Alexandra can vividly recall her first day at rehearsals, watching Meryl Streep run lines with co-star Jim Broadbent.

“I sat thought, wow. It was incredible to watch her work. When they cut, she turned round and, even though I’d walked in very quietly, she somehow knew I was there and threw her arms up and said, ‘Alex!’ as if we were old friends. Instantly, my nerves dissipated, and she said we were playing the same part, so we had a lot to discuss.

“She treated me as an equal and made everyone on the set feel relaxed around her, because people weren’t relaxed because she’s Meryl Streep! She has a way of talking to people, I don’t know how to explain it, but it grounds them. It taught me a lot going forward about the way she treats people on-set and off-set.

“It was the same with Julie Walters, who I worked with on One Chance (the Paul Potts biopic). I’d been a massive fan since I was young, so that was almost more nerve-racking than Meryl in a way. Again, she knew how to relax people and treat you like an equal, and was so generous with her time and knowledge,” said Alexandra, whose other film roles include Private Peaceful, Anna Karenina and The Huntsman: Winter’s War.

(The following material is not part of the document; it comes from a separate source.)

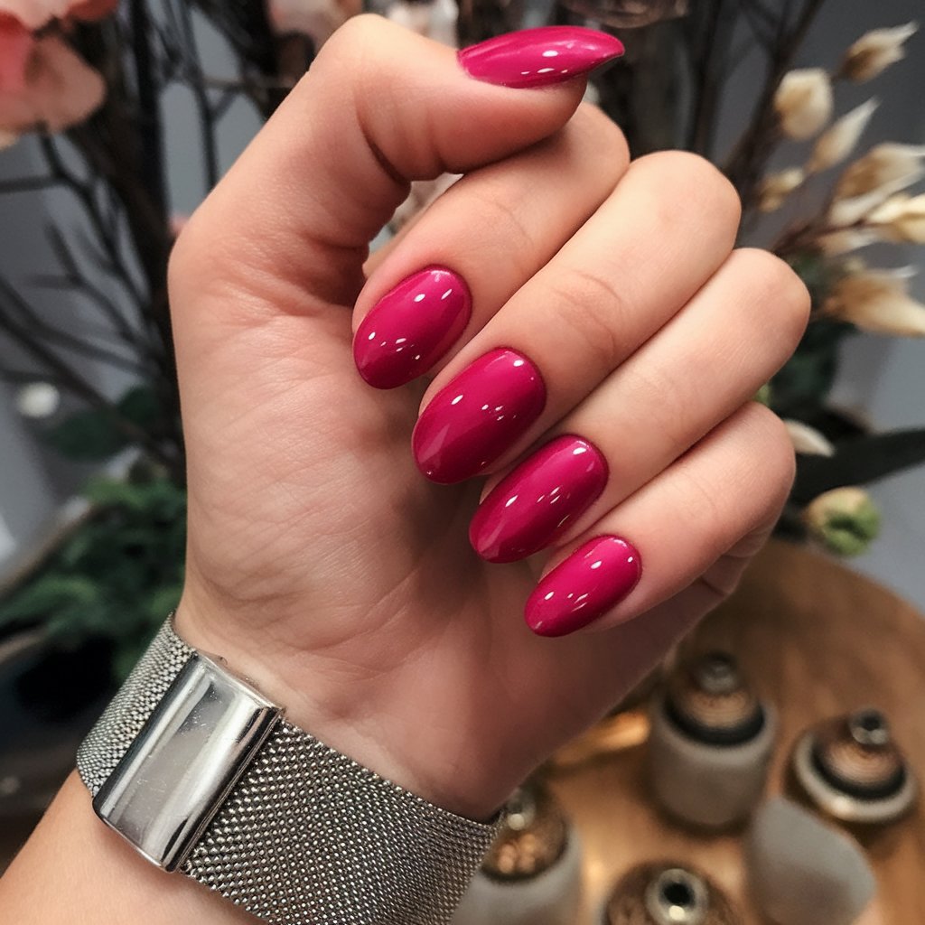 Classic never goes out of style. Seriously confident, these glossy raspberry nails don not require any sparkle or artwork to get noticed. These are the nail polishes that match everything and with any clothes in your wardrobe.

In new mini-series Viewpoint, Alexandra stars as Zoe Sterling alongside Bulletproof’s Noel Clarke and ex-Corrie favourite Catherine Tyldesley. Recalling elements of Rear Window and The Lives Of Others, and based on an idea by Fleabag director Harry Bradbeer, it follows a tense investigation into a tight-knit Manchester community and explores whether it’s ever possible to observe other people’s lives with objectivity.

© Ben Blackall
Alexandra in Viewpoint.

Clarke plays DC Martin Young, who sets up an observation post in the home of Zoe, who happens to be a secret voyeur, as her windows command a direct sightline into the home of missing primary school teacher Gemma Hillman and boyfriend Greg, the prime suspect behind her disappearance.

“Zoe’s a really challenging character – a hard-working single mum trying her best, but also flawed, messy, complicated, complex and vulnerable, even though she doesn’t like to show it,” said Alexandra.

“She has a penchant for spying on her neighbours – she really wants a connection, because she’s lonely, and finds a hobby of looking out the window. Noel Clarke’s character comes in with all his surveillance equipment, but she already knows a lot about the other characters on the street and their secret lives.”

The cast was in rehearsals last year when the first lockdown shut the production down. As well as concentrating on her writing – she has a number of projects in development under her Yes Mate production company with her co-writer, and also produced an Instagram series during the early months of the pandemic – the enforced break gave Alexandra time to get into the mind of her character.

“It allowed me to step into her shoes, being isolated in my house away from my family and friends,” added Alexandra. “We were one of the first productions to go back and we all felt a sense of responsibility to show that the protocols worked.

“It was six months but we managed it without standing down and that felt like a massive accomplishment.

“I’m looking forward to Viewpoint airing and then in a few months I’m starting to shoot a new series but I’m not allowed to say what it is yet.”

Before that, though, she’ll welcome the new addition to the family.

“I’m eight months’ pregnant and I’m looking forward to it – it’s all very new to me and who knows what it’s going to be like, but I’m up for the challenge!”